Onboard Georectification and System Overview

The present application is directed to performing onboard georectification of satellite-generated image data, and more specifically to performing georectification and/or position rectification of hyperspectral, multispectral, and/or video imagery on orbit rather than at a ground station. The system includes at least one imaging sensor, at least one payload processor, at least one memory, and at least one transceiver, and introduces an onboard system that generates analytics-ready data products prior to downlink. As described herein, the term “analytics-ready data product” refers to image data generated by an artificial satellite that includes embedded spatial position information resulting from onboard position rectification and/or georectification, such that the image data is immediately usable by downstream analytical software/Geographic Information System (GIS) without requiring additional ground-based spatial correction or preprocessing.
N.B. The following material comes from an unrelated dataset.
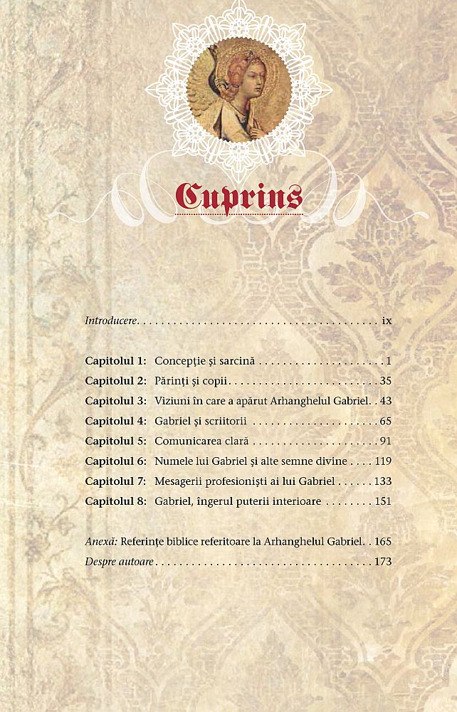 În această carte fără intenţii religioase îl vom studia pe Gabriel, îngerul-mesager. Acesta continuă să fie şi astăzi mesagerul care le ajută pe mame, dar şi pe scriitorii şi pe artiştii de pretutindeni, aşa cum vei constata citind exemplele din paginile care urmează...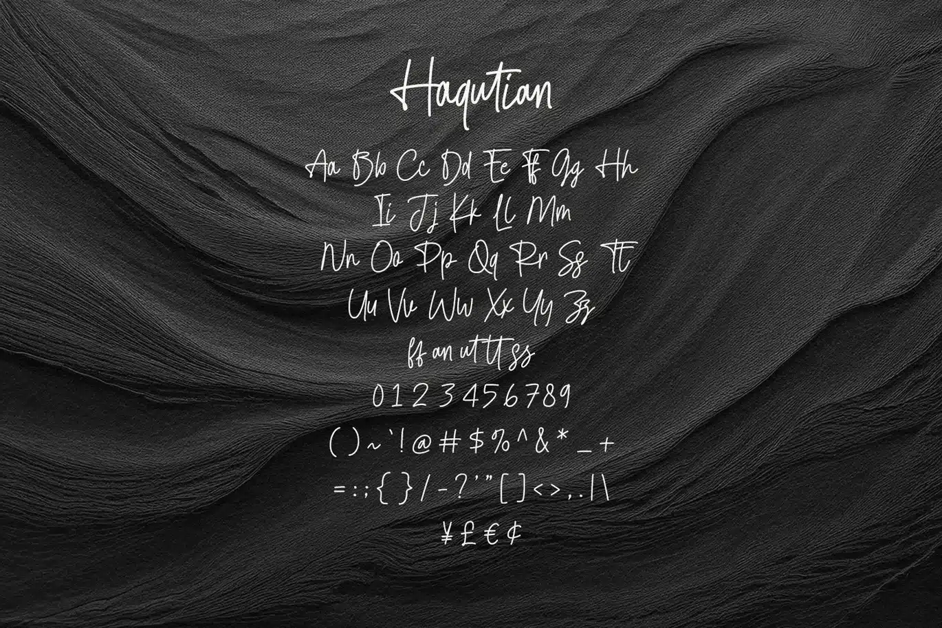 Haqutian is a stylish monoline casual signature script font designed to bring a touch of personal elegance to your creative projects. With its smooth, flowing lines and natural handwritten feel, this font captures the essence of a modern signature. It comes fully equipped with uppercase and lowercase letters, numerals, and punctuation, alongside specialized ligatures to enhance its authentic look. Supporting multiple languages, Haqutian is an ideal choice for branding, photography watermarks, wedding invitations, social media quotes, and high-end product packaging where a sophisticated, personal touch is required.

As described herein, the term “position rectification” refers to an onboard processing operation performed by the at least one payload processor of the artificial satellite that associates features within satellite-generated image data with known spatial reference information (including georeferenced or georectified images/maps, vector maps, and/or Automatic Identification System (AIS) data from a ship) to determine and assign spatial position information to the image data prior to transmission from the satellite. In one embodiment, position rectification is operable to include georectification and rectification of an image to an environment other than Earth.

In one embodiment, the payload processor executes orthorectification and/or georectification algorithms on image data generated by at least one hyperspectral sensor, at least one RGB video imaging sensor, and/or at least one multispectral imaging sensor. In this embodiment, the system performs georectification entirely on orbit, such that the image data transmitted from the satellite includes known spatial coordinates and is immediately usable by downstream analytics systems without additional ground-based preprocessing.

Georectification is a required step for transforming image data captured from space into a spatially accurate representation of the Earth or other captured environments. Without georectification, images and/or videos lack precise correspondence to real-world locations/maps, severely limiting scientific, commercial, and/or defense analysis. Existing systems perform this step on the ground in manual or semi-automated workflows, introducing latency. The present system improves these limitations by performing georectification or position rectification onboard the satellite using onboard data, onboard processing, and onboard reference information.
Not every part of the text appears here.